---------- Material to process

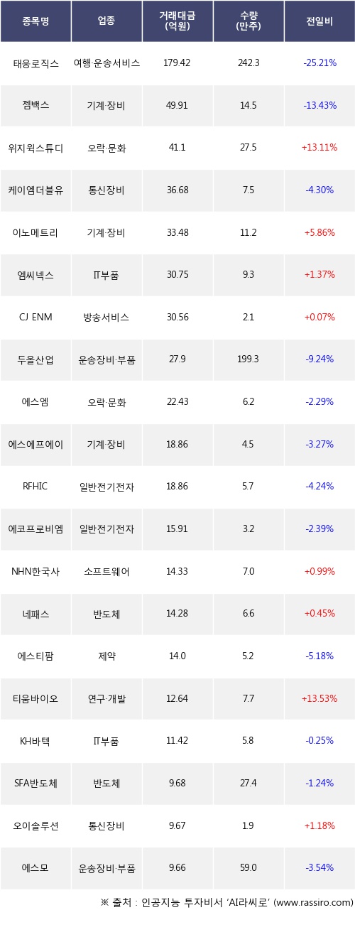 기관 투자자의 순매도 상위 20개 종목은 태웅로직스, 젬백스, 위지윅스튜디오, 케이엠더블유, 이노메트리, 엠씨넥스, CJ ENM, 두올산업, 에스엠, 에스에프에이등이다.
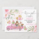 Adorável convite ao chá de fraldas, com elegante verde-aquarela, bonito flores cor-de-rosa, adoráveis animais florestais e balões festivos cor-de-rosa e ouro.
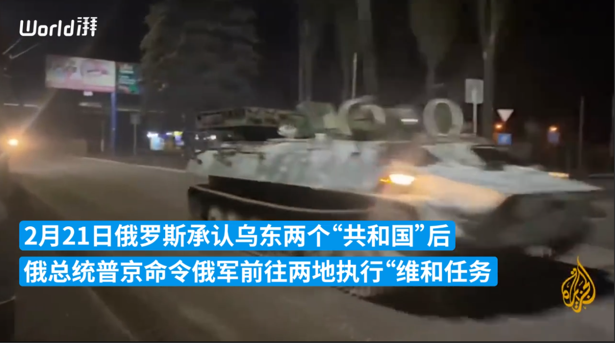 現場畫面截圖 另外,俄羅斯《觀點報》22日報道稱,網上有消息稱俄軍已開始抵達頓巴斯地區,也有人公佈了相關視頻。
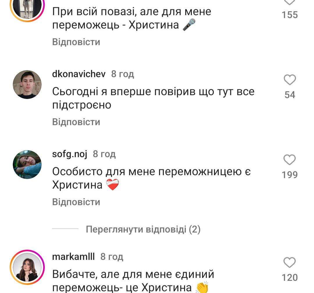 Інші пишуть, що переможницею у "Голосі країни-13" для них стала Христина Старикова із команди Юлії Саніної. Нагадаємо, вона виступила у фіналі із піснею нідерландського виконавця Дункана Лоуренса "Arcade", який став переможцем "Євробачення-2019".
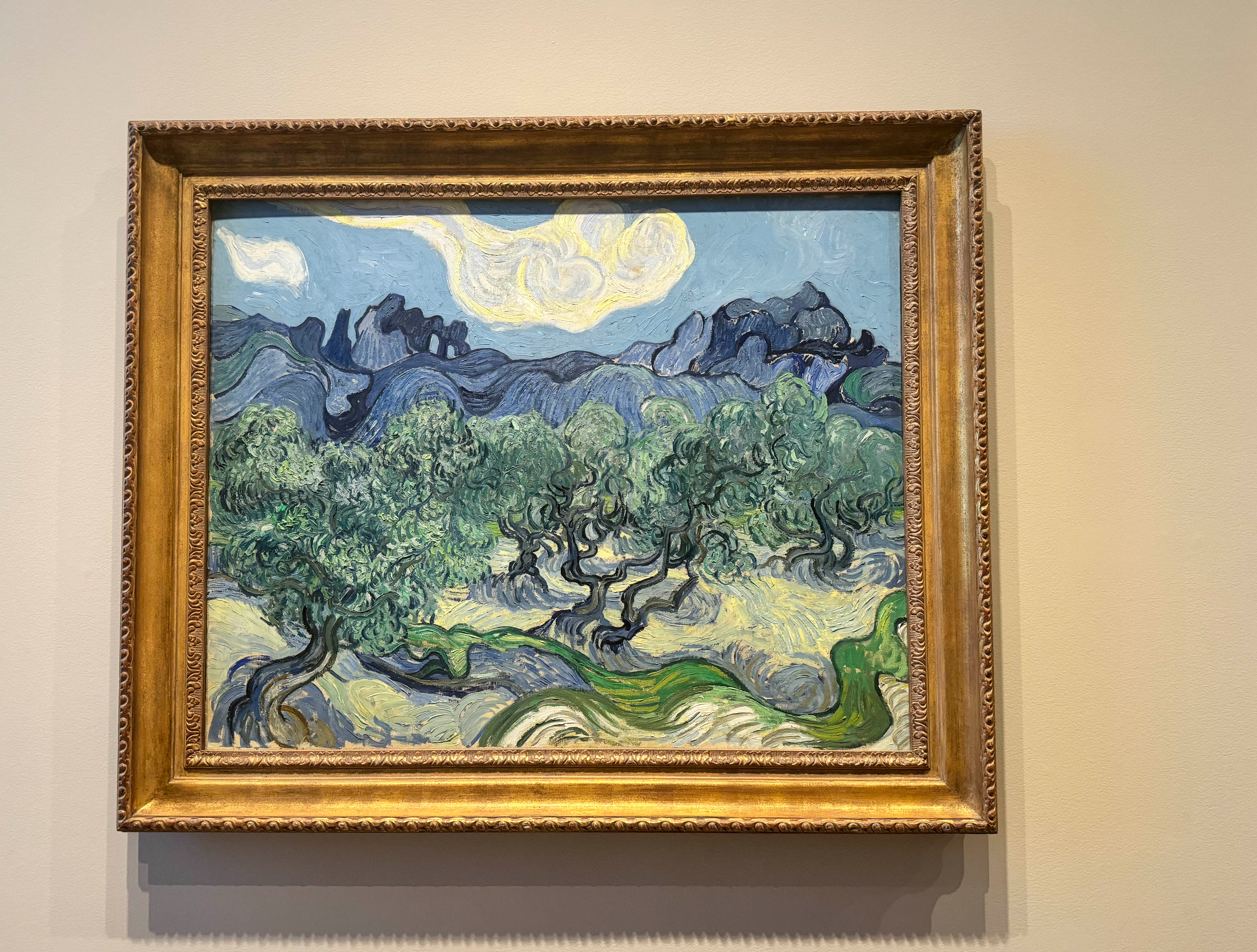 고흐는 뜨거운 햇살과 올리브 나무들이 자라나는 아름다운 들판, 그리고 푸른 하늘이 없었다면 생레미에서 불안과 우울을 견디기 힘들었을 것이다. 생레미는 작물 경작에 적합하지 않아 고흐가 좋아했던 유채꽃과 메밀은 어디에도 없었고, 고향에 흔히 있던 헛간이나 오두막도 없었다고 한다. 그래서 고흐는 뒤틀리고 꿈틀대는 올리브 나무 숲을 연작으로 그렸다. 소용돌이치는 구름과 물결치는 대지, 살아 움직이는 듯한 나무줄기와 가지, 하늘과 땅, 나무 생명의 에너지를 주체하지 못하고 꿈틀거린다.
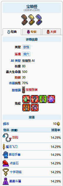 首頁 泰拉瑞亞 問答 泰拉瑞亞星辰披風怎麼獲得? 2022-11-02 星辰披風是通過擊敗寶箱怪獲得的,它是寶箱怪的掉落物品之一擊敗寶箱怪,有14.29%的概率獲得星辰披風,在玩家受到傷害時,他會在周圍落下三顆星星,每顆造成30點魔力傷害。
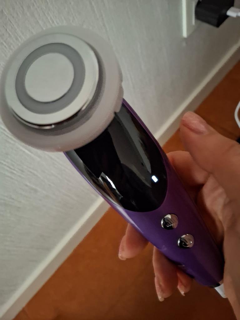 It's a facial beauty device with EMS micro-current(Galvanic ions), vibrations warm massager, red, blue and orange light that can realize deep cleansing, better rejuvenation and facial lifting.
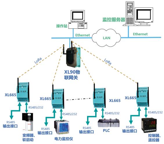 通過LoRa無線傳輸模塊輸出的數據,可上傳至XL90物聯網關接入監控軟件平臺,或通過XL66串口無線轉換器,與PLC、觸摸屏等通信。
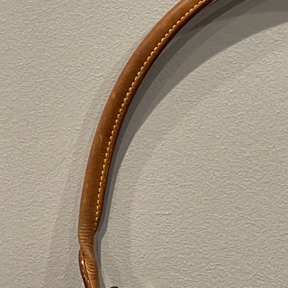 In good condition, the handle has a little wear and tear. Inside has some stains on the fabric, but otherwise in good condition! Zipper closure.

--------------------

What you will do =
From the entries above, output every line exactly and omit any image.

Reply =
 기관 투자자의 순매도 상위 20개 종목은 태웅로직스, 젬백스, 위지윅스튜디오, 케이엠더블유, 이노메트리, 엠씨넥스, CJ ENM, 두올산업, 에스엠, 에스에프에이등이다.
 Adorável convite ao chá de fraldas, com elegante verde-aquarela, bonito flores cor-de-rosa, adoráveis animais florestais e balões festivos cor-de-rosa e ouro.
 現場畫面截圖 另外,俄羅斯《觀點報》22日報道稱,網上有消息稱俄軍已開始抵達頓巴斯地區,也有人公佈了相關視頻。
 Інші пишуть, що переможницею у "Голосі країни-13" для них стала Христина Старикова із команди Юлії Саніної. Нагадаємо, вона виступила у фіналі із піснею нідерландського виконавця Дункана Лоуренса "Arcade", який став переможцем "Євробачення-2019".
 고흐는 뜨거운 햇살과 올리브 나무들이 자라나는 아름다운 들판, 그리고 푸른 하늘이 없었다면 생레미에서 불안과 우울을 견디기 힘들었을 것이다. 생레미는 작물 경작에 적합하지 않아 고흐가 좋아했던 유채꽃과 메밀은 어디에도 없었고, 고향에 흔히 있던 헛간이나 오두막도 없었다고 한다. 그래서 고흐는 뒤틀리고 꿈틀대는 올리브 나무 숲을 연작으로 그렸다. 소용돌이치는 구름과 물결치는 대지, 살아 움직이는 듯한 나무줄기와 가지, 하늘과 땅, 나무 생명의 에너지를 주체하지 못하고 꿈틀거린다.
 首頁 泰拉瑞亞 問答 泰拉瑞亞星辰披風怎麼獲得? 2022-11-02 星辰披風是通過擊敗寶箱怪獲得的,它是寶箱怪的掉落物品之一擊敗寶箱怪,有14.29%的概率獲得星辰披風,在玩家受到傷害時,他會在周圍落下三顆星星,每顆造成30點魔力傷害。
 It's a facial beauty device with EMS micro-current(Galvanic ions), vibrations warm massager, red, blue and orange light that can realize deep cleansing, better rejuvenation and facial lifting.
 通過LoRa無線傳輸模塊輸出的數據,可上傳至XL90物聯網關接入監控軟件平臺,或通過XL66串口無線轉換器,與PLC、觸摸屏等通信。
 In good condition, the handle has a little wear and tear. Inside has some stains on the fabric, but otherwise in good condition! Zipper closure.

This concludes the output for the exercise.